FastText is a word embedding technique developed by Facebook that represents words using character level subwords. It handles unseen words effectively and captures both semantic and morphological information.
- Uses character level subwords.
- Handles out of vocabulary words.
- Captures word meaning and structure.
- Efficient for large text datasets.
FastText Architecture and Working
FastText extends traditional word embedding models by representing words as collections of character n-grams rather than treating them as single units. This approach helps capture word structure and generate embeddings for unseen words.
Character N-Gram Representation
FastText breaks each word into smaller groups of characters called n-grams. Instead of learning only the whole word, it also learns these smaller character patterns, helping it understand word structure and meaning. Consider the word "running":
- 3-grams: <ru, run, unn, nni, nin, ing, ng>
- 4-grams: <run, runn, unni, nnin, ning, ing>
- 5-grams: <runn, runni, unnin, nning, ning>
Here:
- A 3-gram contains 3 consecutive characters.
- A 4-gram contains 4 consecutive characters.

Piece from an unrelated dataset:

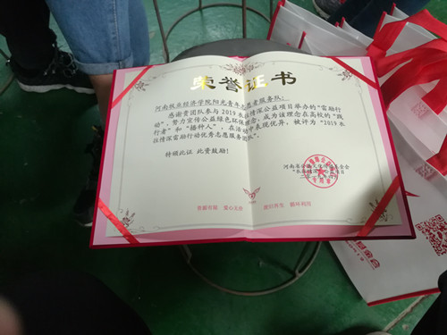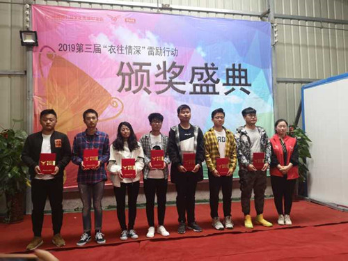 2019年4月20号上午10点,“衣往情深”雷励行动颁奖典礼暨“中原更出彩,公益我先行”在郑州市中牟县“衣往情深”基地进行。williamhill英国阳光青年志愿者协会荣获2019“衣往情深”雷励行动——“优秀志愿服务团队”光荣称号。

- These subwords help FastText understand related words such as run, runner and running.
Hierarchical Softmax Optimization
Hierarchical Softmax is an optimization technique used by FastText to speed up training. Instead of comparing a word with every word in the vocabulary, it organizes words in a tree structure and performs fewer calculations.
- Reduces training time.
- Works efficiently with large vocabularies.

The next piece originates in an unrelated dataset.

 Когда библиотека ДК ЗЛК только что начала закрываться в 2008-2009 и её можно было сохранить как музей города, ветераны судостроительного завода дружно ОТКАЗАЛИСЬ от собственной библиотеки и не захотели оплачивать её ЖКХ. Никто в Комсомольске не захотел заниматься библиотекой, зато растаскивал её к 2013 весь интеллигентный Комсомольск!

- Maintains good prediction performance.
Implementation
Step 1: Installing Required Libraries
Run the following command in your command prompt
pip install gensim
Step 2: Import required libraries
- Imports the FastText model from Gensim.
- Used for training and generating word embeddings.
from gensim.models import FastText
Step 3: Creating Training Data
- Creates tokenized sentences for training.
- Each sentence is represented as a list of words.
- This format is required by Gensim FastText.
sentences = [
["the", "king", "rules", "the", "kingdom"],
["the", "queen", "helps", "the", "king"],
["running", "is", "good", "exercise"],
["the", "runner", "runs", "fast"],
["walking", "is", "healthy", "activity"],
["the", "walker", "walks", "slowly"],
["reading", "books", "is", "fun"],
["the", "reader", "reads", "daily"]
]
print("Training data created successfully")
Output:
Training data created successfully
Step 4: Training a Basic FastText Model
- vector_size=50 sets embedding size.
- window=5 defines context window size.
- min_n=3 and max_n=6 create character n-grams.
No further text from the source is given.